Dans ma valise, mal dissimulée dans un journal collabo, il y avait ce jour-là une liasse de la revue illégale destinée aux instituteurs, l'Ecole libératrice. A la gare Matabiau de Toulouse, contrôle. Un garde mobile s'empare de ma valise, farfouille dans mes vêtements. Le voilà qui découvre mes revues. Longuement, posément, mais sans les sortir, il les feuillette. Je me dis : " Je suis cuit, il va alerter ses collègues. " Perplexe, il relève la tête et me dévisage. Je le regarde droit dans les yeux, j'y vois un bref éclaire. " Vous êtes instituteur ? " " Oui. " " Ça va, vous pouvez aller. " Et il a fermé la valise.

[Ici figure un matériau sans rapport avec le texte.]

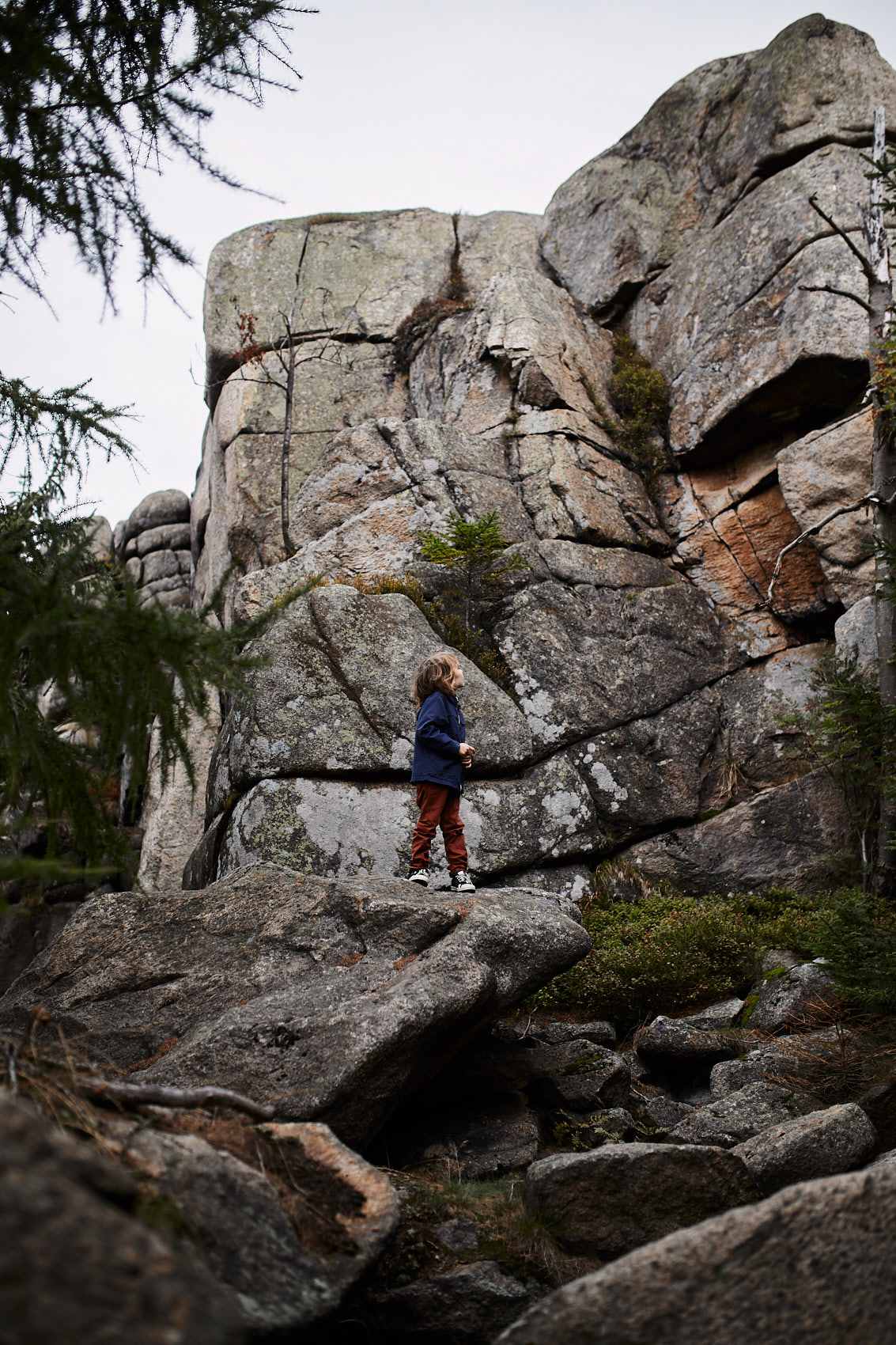 Drugi cel był trochę off roadowy, skałki pod Babińcem. Nie prowadzi na nie żaden oficjalny szlak, ale znaleźliśmy informacje, że łatwo można na nie dojść od nieczynnej już stacji narciarskiej, która znajdują się pomiędzy Szklarską Porębą a Jakuszycami. Dzieci jednak straciły szybko siły, szczerze zwątpiłam, że będzie nam dane je zobaczyć. To typowe skałki dla tych terenów, więc byłaby szkoda. Jagody, których było w bród, nie pomogły, dopiero jak znalazłam prawdziwka, dzieci dostały mocy, by znaleźć kolejne. I tak juz pełni entuzjazmu dotarliśmy na szczyt. Oj, było warto – zapewnia Kinga.
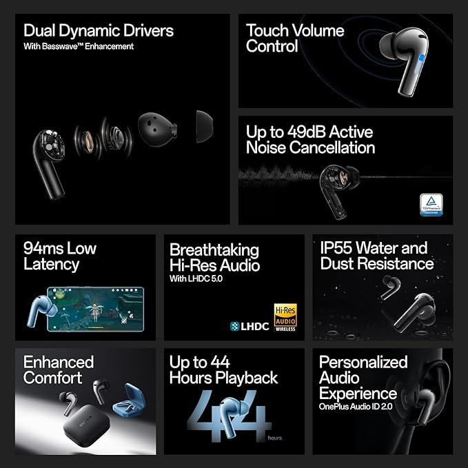 OnePlus Buds 3 in Ear TWS Bluetooth Earbuds with Upto 49dB Smart Adaptive Noise Cancellation,Hi-Res

Marcel Merville, in Les Inconnus de la Résistance, Editions Messidor, 1985. (Coll. MRN).

Le cri du poète

Mais, me dira-t-on, pourquoi ces rappels affreux alors que vous deviez parler de poésie ? Eh bien, figurez-vous, la poésie sert encore ! Elle vous conduit ici, lecteurs, sur des charniers. A travers la plus horrible, la plus inhumaine des histoires, votre histoire toute récente, celle de demain peut-être, si vous n'y prenez point garde. On peut avoir voué sa vie à la poésie, mais en premier, c'est à la défense de l'homme, à la défense de la vie que je suis attaché. Peut-être souhaiteriez-vous, à présent, un poème ? Je n'en ai pas le coeur. Nous tâtonnons tous dans le labyrinthe, avec le Minotaure au bout. Juifs ou pas, communistes ou résistants de toute appartenance, individuels ou affiliés à des mouvements, l'arrestation, la prison, la déportation, la mort étaient nos risques. Pour avoir été trouvé porteur d'un tract imprimé par Témoignage Chrétien, " Défi ", le jeune Chesneaux fera quinze mois de prison à Montluc et à Fresnes. Publier des journaux, des revues et des tracts n'était pas oeuvre de littérateur ou d'esthète mais un cri. Et, comme on peut le lire dans la pierre de certaine stèles en pleine campagne, là où tombèrent des combattants, les hommes, les poètes de cette noire époque préviennent et disent ici, à leur manière : " Souviens-toi ".
Pierre Seghers, in La Résistance et ses poètes, Edition Seghers, 1974.